* INPUT RECORDS
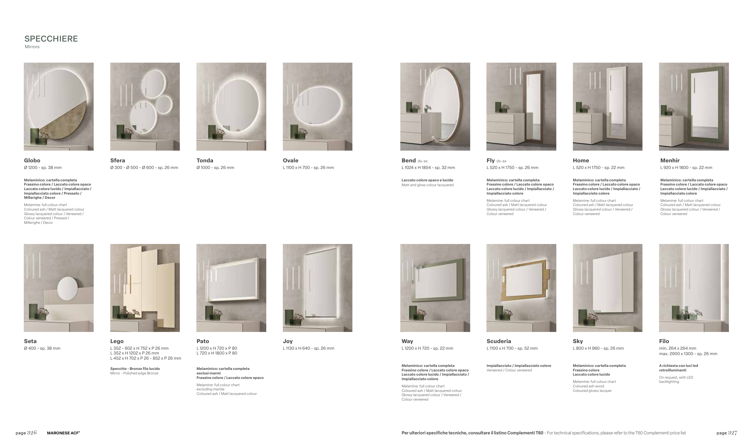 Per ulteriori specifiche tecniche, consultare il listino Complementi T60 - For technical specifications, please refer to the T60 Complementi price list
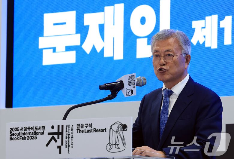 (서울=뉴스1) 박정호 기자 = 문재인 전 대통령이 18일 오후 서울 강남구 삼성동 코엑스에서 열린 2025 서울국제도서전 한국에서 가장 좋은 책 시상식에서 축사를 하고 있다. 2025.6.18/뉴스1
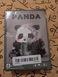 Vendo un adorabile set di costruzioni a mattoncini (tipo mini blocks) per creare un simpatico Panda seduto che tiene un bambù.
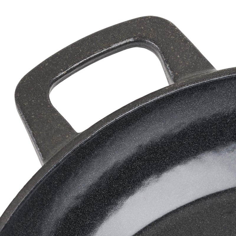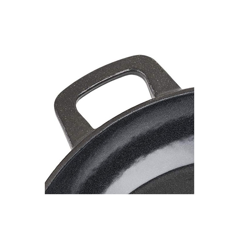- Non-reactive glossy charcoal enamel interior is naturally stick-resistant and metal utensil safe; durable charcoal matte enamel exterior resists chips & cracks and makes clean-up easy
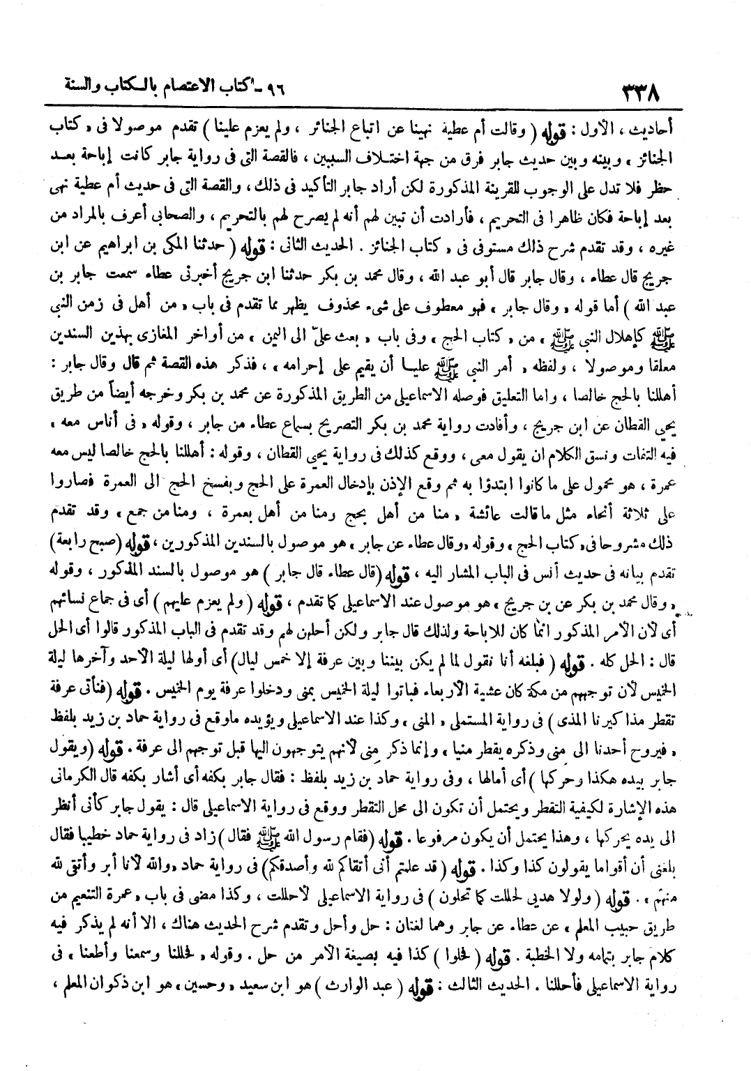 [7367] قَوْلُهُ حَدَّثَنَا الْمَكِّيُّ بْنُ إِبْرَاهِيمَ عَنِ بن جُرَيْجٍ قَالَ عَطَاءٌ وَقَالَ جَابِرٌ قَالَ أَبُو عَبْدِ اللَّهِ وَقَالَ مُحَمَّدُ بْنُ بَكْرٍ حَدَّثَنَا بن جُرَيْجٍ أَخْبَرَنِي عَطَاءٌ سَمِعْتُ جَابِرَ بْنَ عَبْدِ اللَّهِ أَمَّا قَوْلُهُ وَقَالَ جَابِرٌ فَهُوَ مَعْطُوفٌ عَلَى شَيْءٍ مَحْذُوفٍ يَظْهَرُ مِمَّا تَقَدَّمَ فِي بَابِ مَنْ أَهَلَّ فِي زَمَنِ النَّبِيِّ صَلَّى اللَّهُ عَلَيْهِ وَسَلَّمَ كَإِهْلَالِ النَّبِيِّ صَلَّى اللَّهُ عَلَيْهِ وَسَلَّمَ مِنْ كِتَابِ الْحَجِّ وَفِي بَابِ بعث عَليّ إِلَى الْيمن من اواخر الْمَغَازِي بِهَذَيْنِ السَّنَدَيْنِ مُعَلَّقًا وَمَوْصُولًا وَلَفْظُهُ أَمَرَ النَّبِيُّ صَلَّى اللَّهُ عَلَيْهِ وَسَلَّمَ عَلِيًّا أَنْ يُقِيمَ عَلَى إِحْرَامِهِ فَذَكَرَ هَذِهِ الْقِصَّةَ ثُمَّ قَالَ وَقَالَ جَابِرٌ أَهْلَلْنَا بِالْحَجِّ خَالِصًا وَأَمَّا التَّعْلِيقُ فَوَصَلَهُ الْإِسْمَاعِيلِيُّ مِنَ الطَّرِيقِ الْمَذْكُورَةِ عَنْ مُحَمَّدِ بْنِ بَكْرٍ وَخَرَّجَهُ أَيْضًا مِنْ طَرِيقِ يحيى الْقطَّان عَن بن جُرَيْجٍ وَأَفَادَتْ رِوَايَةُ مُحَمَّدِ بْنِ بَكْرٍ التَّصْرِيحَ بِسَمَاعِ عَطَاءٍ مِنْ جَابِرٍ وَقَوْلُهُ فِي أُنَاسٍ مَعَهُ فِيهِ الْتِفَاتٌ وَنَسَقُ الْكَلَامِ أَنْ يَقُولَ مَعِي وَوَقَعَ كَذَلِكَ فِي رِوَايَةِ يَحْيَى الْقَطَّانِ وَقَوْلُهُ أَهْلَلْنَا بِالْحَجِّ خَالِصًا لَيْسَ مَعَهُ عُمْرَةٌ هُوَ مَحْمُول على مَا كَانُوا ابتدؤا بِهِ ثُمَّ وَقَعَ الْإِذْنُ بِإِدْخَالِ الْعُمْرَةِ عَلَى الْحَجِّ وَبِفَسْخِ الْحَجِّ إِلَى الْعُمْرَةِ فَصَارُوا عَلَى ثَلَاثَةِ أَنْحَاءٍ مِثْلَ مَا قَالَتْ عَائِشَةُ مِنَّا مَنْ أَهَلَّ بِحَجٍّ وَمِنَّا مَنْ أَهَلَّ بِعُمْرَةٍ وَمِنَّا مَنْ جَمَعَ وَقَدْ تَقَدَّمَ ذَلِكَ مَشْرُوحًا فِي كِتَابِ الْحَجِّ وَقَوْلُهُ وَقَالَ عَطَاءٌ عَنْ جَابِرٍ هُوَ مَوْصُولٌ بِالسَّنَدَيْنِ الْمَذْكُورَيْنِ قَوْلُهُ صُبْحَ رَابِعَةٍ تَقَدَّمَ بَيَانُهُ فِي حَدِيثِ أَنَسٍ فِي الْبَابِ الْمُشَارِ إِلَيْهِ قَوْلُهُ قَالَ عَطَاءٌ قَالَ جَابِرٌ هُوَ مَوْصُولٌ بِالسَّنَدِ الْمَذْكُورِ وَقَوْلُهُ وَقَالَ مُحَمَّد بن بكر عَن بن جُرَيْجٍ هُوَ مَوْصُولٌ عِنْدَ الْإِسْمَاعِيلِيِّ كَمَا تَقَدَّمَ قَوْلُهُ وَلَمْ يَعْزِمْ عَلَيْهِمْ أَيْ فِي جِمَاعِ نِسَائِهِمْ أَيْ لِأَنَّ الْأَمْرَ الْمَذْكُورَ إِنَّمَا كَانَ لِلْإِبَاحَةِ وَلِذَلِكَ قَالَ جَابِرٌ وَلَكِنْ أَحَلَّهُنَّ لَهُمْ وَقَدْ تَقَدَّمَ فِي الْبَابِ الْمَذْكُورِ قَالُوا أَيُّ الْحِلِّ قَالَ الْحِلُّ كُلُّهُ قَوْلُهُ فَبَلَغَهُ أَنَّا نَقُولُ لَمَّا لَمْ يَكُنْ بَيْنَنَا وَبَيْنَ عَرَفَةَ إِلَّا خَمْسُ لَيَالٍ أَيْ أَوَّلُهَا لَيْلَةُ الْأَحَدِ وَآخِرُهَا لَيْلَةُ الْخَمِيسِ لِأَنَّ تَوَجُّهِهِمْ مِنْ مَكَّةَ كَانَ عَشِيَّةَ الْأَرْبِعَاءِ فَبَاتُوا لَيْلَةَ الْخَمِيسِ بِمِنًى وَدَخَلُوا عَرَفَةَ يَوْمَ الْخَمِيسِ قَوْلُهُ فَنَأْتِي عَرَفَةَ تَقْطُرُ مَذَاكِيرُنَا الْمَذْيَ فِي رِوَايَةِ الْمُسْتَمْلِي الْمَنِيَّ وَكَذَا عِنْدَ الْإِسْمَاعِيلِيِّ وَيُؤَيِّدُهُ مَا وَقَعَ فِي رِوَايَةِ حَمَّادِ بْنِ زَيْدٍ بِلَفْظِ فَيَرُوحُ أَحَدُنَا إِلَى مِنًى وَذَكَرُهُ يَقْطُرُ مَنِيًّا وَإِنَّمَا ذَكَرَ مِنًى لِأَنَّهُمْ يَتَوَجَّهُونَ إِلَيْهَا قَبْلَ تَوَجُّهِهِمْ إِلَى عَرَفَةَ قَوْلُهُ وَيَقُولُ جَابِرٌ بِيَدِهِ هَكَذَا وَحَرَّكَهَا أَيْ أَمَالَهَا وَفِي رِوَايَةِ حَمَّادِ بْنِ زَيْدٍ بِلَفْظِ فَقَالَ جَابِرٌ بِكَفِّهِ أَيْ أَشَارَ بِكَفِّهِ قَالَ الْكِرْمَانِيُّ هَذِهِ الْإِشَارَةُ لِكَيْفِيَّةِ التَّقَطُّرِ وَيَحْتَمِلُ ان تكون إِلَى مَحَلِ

* WHAT TO WORK ON
Will you restate every entry word for word and omit the images?

* ANSWER
 Per ulteriori specifiche tecniche, consultare il listino Complementi T60 - For technical specifications, please refer to the T60 Complementi price list
 (서울=뉴스1) 박정호 기자 = 문재인 전 대통령이 18일 오후 서울 강남구 삼성동 코엑스에서 열린 2025 서울국제도서전 한국에서 가장 좋은 책 시상식에서 축사를 하고 있다. 2025.6.18/뉴스1
 Vendo un adorabile set di costruzioni a mattoncini (tipo mini blocks) per creare un simpatico Panda seduto che tiene un bambù.
- Non-reactive glossy charcoal enamel interior is naturally stick-resistant and metal utensil safe; durable charcoal matte enamel exterior resists chips & cracks and makes clean-up easy
 [7367] قَوْلُهُ حَدَّثَنَا الْمَكِّيُّ بْنُ إِبْرَاهِيمَ عَنِ بن جُرَيْجٍ قَالَ عَطَاءٌ وَقَالَ جَابِرٌ قَالَ أَبُو عَبْدِ اللَّهِ وَقَالَ مُحَمَّدُ بْنُ بَكْرٍ حَدَّثَنَا بن جُرَيْجٍ أَخْبَرَنِي عَطَاءٌ سَمِعْتُ جَابِرَ بْنَ عَبْدِ اللَّهِ أَمَّا قَوْلُهُ وَقَالَ جَابِرٌ فَهُوَ مَعْطُوفٌ عَلَى شَيْءٍ مَحْذُوفٍ يَظْهَرُ مِمَّا تَقَدَّمَ فِي بَابِ مَنْ أَهَلَّ فِي زَمَنِ النَّبِيِّ صَلَّى اللَّهُ عَلَيْهِ وَسَلَّمَ كَإِهْلَالِ النَّبِيِّ صَلَّى اللَّهُ عَلَيْهِ وَسَلَّمَ مِنْ كِتَابِ الْحَجِّ وَفِي بَابِ بعث عَليّ إِلَى الْيمن من اواخر الْمَغَازِي بِهَذَيْنِ السَّنَدَيْنِ مُعَلَّقًا وَمَوْصُولًا وَلَفْظُهُ أَمَرَ النَّبِيُّ صَلَّى اللَّهُ عَلَيْهِ وَسَلَّمَ عَلِيًّا أَنْ يُقِيمَ عَلَى إِحْرَامِهِ فَذَكَرَ هَذِهِ الْقِصَّةَ ثُمَّ قَالَ وَقَالَ جَابِرٌ أَهْلَلْنَا بِالْحَجِّ خَالِصًا وَأَمَّا التَّعْلِيقُ فَوَصَلَهُ الْإِسْمَاعِيلِيُّ مِنَ الطَّرِيقِ الْمَذْكُورَةِ عَنْ مُحَمَّدِ بْنِ بَكْرٍ وَخَرَّجَهُ أَيْضًا مِنْ طَرِيقِ يحيى الْقطَّان عَن بن جُرَيْجٍ وَأَفَادَتْ رِوَايَةُ مُحَمَّدِ بْنِ بَكْرٍ التَّصْرِيحَ بِسَمَاعِ عَطَاءٍ مِنْ جَابِرٍ وَقَوْلُهُ فِي أُنَاسٍ مَعَهُ فِيهِ الْتِفَاتٌ وَنَسَقُ الْكَلَامِ أَنْ يَقُولَ مَعِي وَوَقَعَ كَذَلِكَ فِي رِوَايَةِ يَحْيَى الْقَطَّانِ وَقَوْلُهُ أَهْلَلْنَا بِالْحَجِّ خَالِصًا لَيْسَ مَعَهُ عُمْرَةٌ هُوَ مَحْمُول على مَا كَانُوا ابتدؤا بِهِ ثُمَّ وَقَعَ الْإِذْنُ بِإِدْخَالِ الْعُمْرَةِ عَلَى الْحَجِّ وَبِفَسْخِ الْحَجِّ إِلَى الْعُمْرَةِ فَصَارُوا عَلَى ثَلَاثَةِ أَنْحَاءٍ مِثْلَ مَا قَالَتْ عَائِشَةُ مِنَّا مَنْ أَهَلَّ بِحَجٍّ وَمِنَّا مَنْ أَهَلَّ بِعُمْرَةٍ وَمِنَّا مَنْ جَمَعَ وَقَدْ تَقَدَّمَ ذَلِكَ مَشْرُوحًا فِي كِتَابِ الْحَجِّ وَقَوْلُهُ وَقَالَ عَطَاءٌ عَنْ جَابِرٍ هُوَ مَوْصُولٌ بِالسَّنَدَيْنِ الْمَذْكُورَيْنِ قَوْلُهُ صُبْحَ رَابِعَةٍ تَقَدَّمَ بَيَانُهُ فِي حَدِيثِ أَنَسٍ فِي الْبَابِ الْمُشَارِ إِلَيْهِ قَوْلُهُ قَالَ عَطَاءٌ قَالَ جَابِرٌ هُوَ مَوْصُولٌ بِالسَّنَدِ الْمَذْكُورِ وَقَوْلُهُ وَقَالَ مُحَمَّد بن بكر عَن بن جُرَيْجٍ هُوَ مَوْصُولٌ عِنْدَ الْإِسْمَاعِيلِيِّ كَمَا تَقَدَّمَ قَوْلُهُ وَلَمْ يَعْزِمْ عَلَيْهِمْ أَيْ فِي جِمَاعِ نِسَائِهِمْ أَيْ لِأَنَّ الْأَمْرَ الْمَذْكُورَ إِنَّمَا كَانَ لِلْإِبَاحَةِ وَلِذَلِكَ قَالَ جَابِرٌ وَلَكِنْ أَحَلَّهُنَّ لَهُمْ وَقَدْ تَقَدَّمَ فِي الْبَابِ الْمَذْكُورِ قَالُوا أَيُّ الْحِلِّ قَالَ الْحِلُّ كُلُّهُ قَوْلُهُ فَبَلَغَهُ أَنَّا نَقُولُ لَمَّا لَمْ يَكُنْ بَيْنَنَا وَبَيْنَ عَرَفَةَ إِلَّا خَمْسُ لَيَالٍ أَيْ أَوَّلُهَا لَيْلَةُ الْأَحَدِ وَآخِرُهَا لَيْلَةُ الْخَمِيسِ لِأَنَّ تَوَجُّهِهِمْ مِنْ مَكَّةَ كَانَ عَشِيَّةَ الْأَرْبِعَاءِ فَبَاتُوا لَيْلَةَ الْخَمِيسِ بِمِنًى وَدَخَلُوا عَرَفَةَ يَوْمَ الْخَمِيسِ قَوْلُهُ فَنَأْتِي عَرَفَةَ تَقْطُرُ مَذَاكِيرُنَا الْمَذْيَ فِي رِوَايَةِ الْمُسْتَمْلِي الْمَنِيَّ وَكَذَا عِنْدَ الْإِسْمَاعِيلِيِّ وَيُؤَيِّدُهُ مَا وَقَعَ فِي رِوَايَةِ حَمَّادِ بْنِ زَيْدٍ بِلَفْظِ فَيَرُوحُ أَحَدُنَا إِلَى مِنًى وَذَكَرُهُ يَقْطُرُ مَنِيًّا وَإِنَّمَا ذَكَرَ مِنًى لِأَنَّهُمْ يَتَوَجَّهُونَ إِلَيْهَا قَبْلَ تَوَجُّهِهِمْ إِلَى عَرَفَةَ قَوْلُهُ وَيَقُولُ جَابِرٌ بِيَدِهِ هَكَذَا وَحَرَّكَهَا أَيْ أَمَالَهَا وَفِي رِوَايَةِ حَمَّادِ بْنِ زَيْدٍ بِلَفْظِ فَقَالَ جَابِرٌ بِكَفِّهِ أَيْ أَشَارَ بِكَفِّهِ قَالَ الْكِرْمَانِيُّ هَذِهِ الْإِشَارَةُ لِكَيْفِيَّةِ التَّقَطُّرِ وَيَحْتَمِلُ ان تكون إِلَى مَحَلِ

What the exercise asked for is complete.